PROBLEM TO WORK ON ::
The copy has to match the records word for word and include no pictures.

EXCERPTED RECORDS ::
=== Begin Enclosure ===
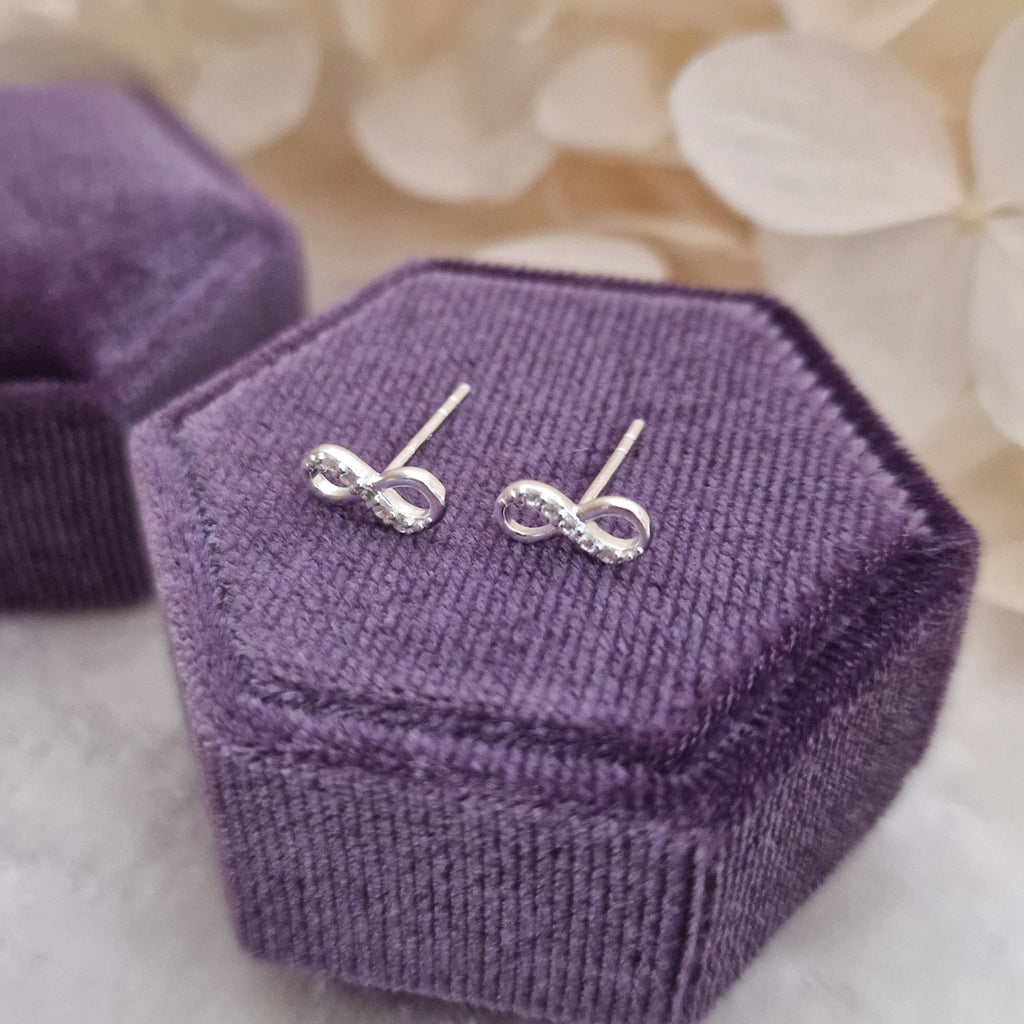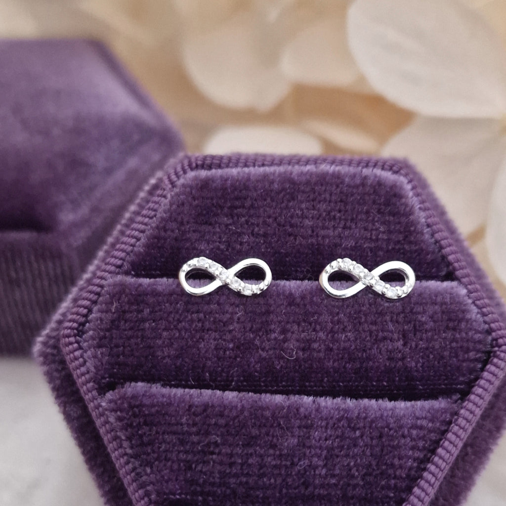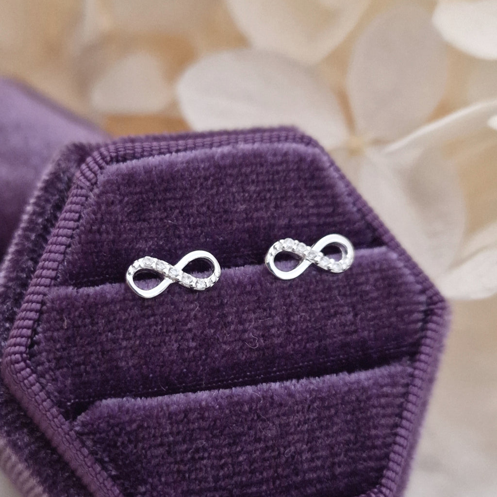Infinity Stud Earrings in 925 Sterling Silver – Solid Silver Infinity Symbol Studs with White CZ Cubic Zirconia
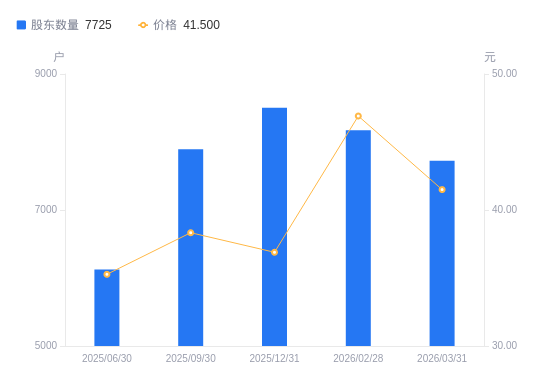 4月20日消息,数据显示,截至2026年3月31日,A股股东总户数为7725户,较上期(2026年2月28日)减少449户,降幅5.49%。公司最新A股总股本为1.94亿股,其中流通A股1.86亿股,户均持有流通A股数量为2.41万股,较上期增加1322股,增幅5.81%;户均持流通A股市值99.88万元,较上期减少6.82万元,降幅6.39%。
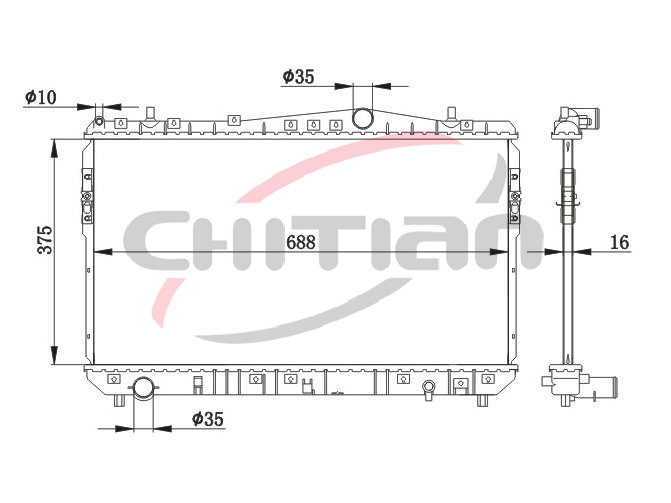 Name: RadiatorPart No.: CT-DW016Remark: Depth (mm):16Length (mm):375Transmission ():MTWidth (mm):688OEM Number
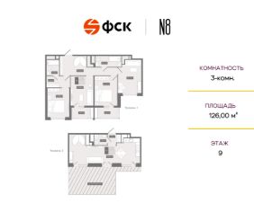 Прямая продажа от застройщика — только в этом месяце. 3-к квартира в клубном доме N8 на 9-м этаже. Общая площадь 125,77. Без отделки.
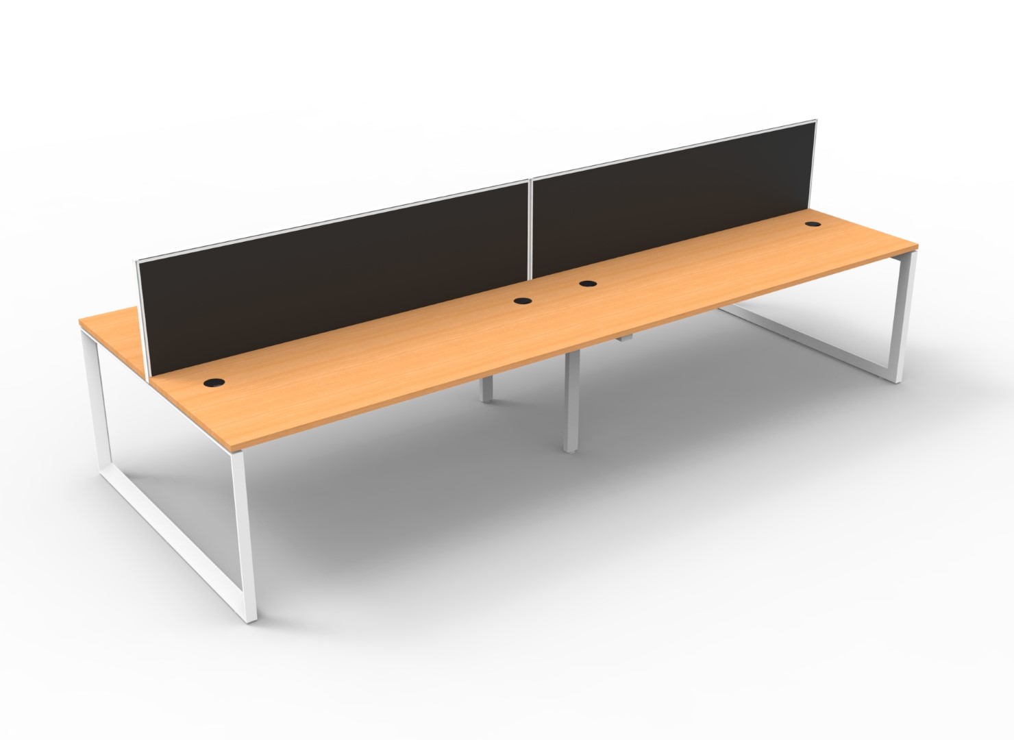 The bevelled edge loop leg finishes each workstation run with a premium look, and the matching dividing screen adds privacy and noise reduction to each workstation.
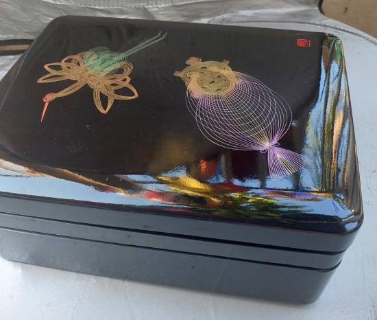 ***วัดใจ***กล่องไม้เครื่องเขินญี่ปุ่น (Japanese lacquerware) ประเภทวาจิมะ-นูริ (Wajima-nuri) ลายนกกระเรียนและเต่า" ซึ่งเป็นสัญลักษณ์ของการมีอายุยืน ขนาด13*11นิ้ว หนา 5 นิ้ว 2 ชั้น
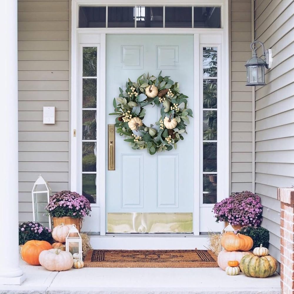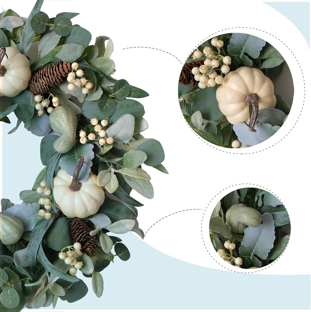 [Fall Door Wreath] This fall door wreath is made of eucalyptus, green pumpkin, white pumpkin, white berries, pinecones. The Combination of these classical fall elements makes the wreath life looking and real look. This wreath is a good choice for hanging on the doors for the coming season.
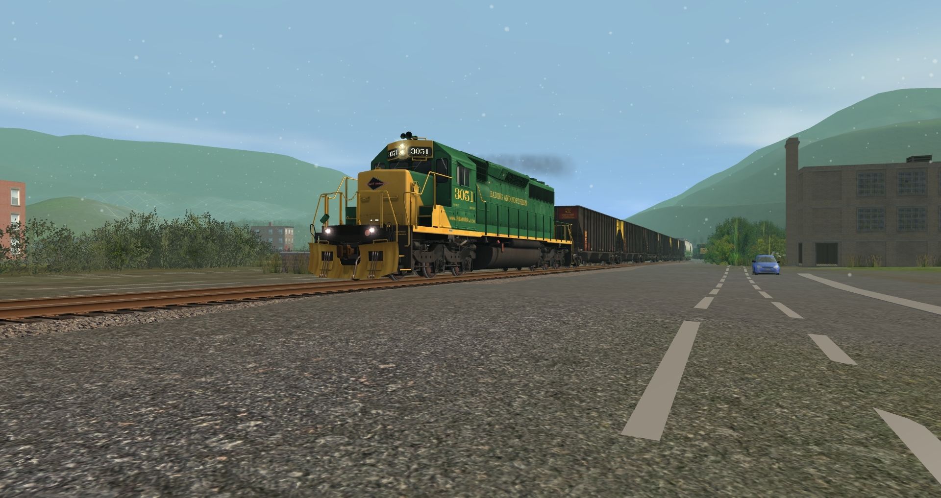 Tags: Trainz: A New Era, READING & NORTHERN, Default, RBMN SD40-2, RBMN SD50, PPLX 100 Ton Hopper, Cylindrical Hopper - Cotton Belt, RBMN ACF Centerflow 3 Bay, Bethgon RBMN
=== End Enclosure ===
EXERCISE ANSWER ::
Infinity Stud Earrings in 925 Sterling Silver – Solid Silver Infinity Symbol Studs with White CZ Cubic Zirconia
 4月20日消息,数据显示,截至2026年3月31日,A股股东总户数为7725户,较上期(2026年2月28日)减少449户,降幅5.49%。公司最新A股总股本为1.94亿股,其中流通A股1.86亿股,户均持有流通A股数量为2.41万股,较上期增加1322股,增幅5.81%;户均持流通A股市值99.88万元,较上期减少6.82万元,降幅6.39%。
 Name: RadiatorPart No.: CT-DW016Remark: Depth (mm):16Length (mm):375Transmission ():MTWidth (mm):688OEM Number
 Прямая продажа от застройщика — только в этом месяце. 3-к квартира в клубном доме N8 на 9-м этаже. Общая площадь 125,77. Без отделки.
 The bevelled edge loop leg finishes each workstation run with a premium look, and the matching dividing screen adds privacy and noise reduction to each workstation.
 ***วัดใจ***กล่องไม้เครื่องเขินญี่ปุ่น (Japanese lacquerware) ประเภทวาจิมะ-นูริ (Wajima-nuri) ลายนกกระเรียนและเต่า" ซึ่งเป็นสัญลักษณ์ของการมีอายุยืน ขนาด13*11นิ้ว หนา 5 นิ้ว 2 ชั้น
 [Fall Door Wreath] This fall door wreath is made of eucalyptus, green pumpkin, white pumpkin, white berries, pinecones. The Combination of these classical fall elements makes the wreath life looking and real look. This wreath is a good choice for hanging on the doors for the coming season.
 Tags: Trainz: A New Era, READING & NORTHERN, Default, RBMN SD40-2, RBMN SD50, PPLX 100 Ton Hopper, Cylindrical Hopper - Cotton Belt, RBMN ACF Centerflow 3 Bay, Bethgon RBMN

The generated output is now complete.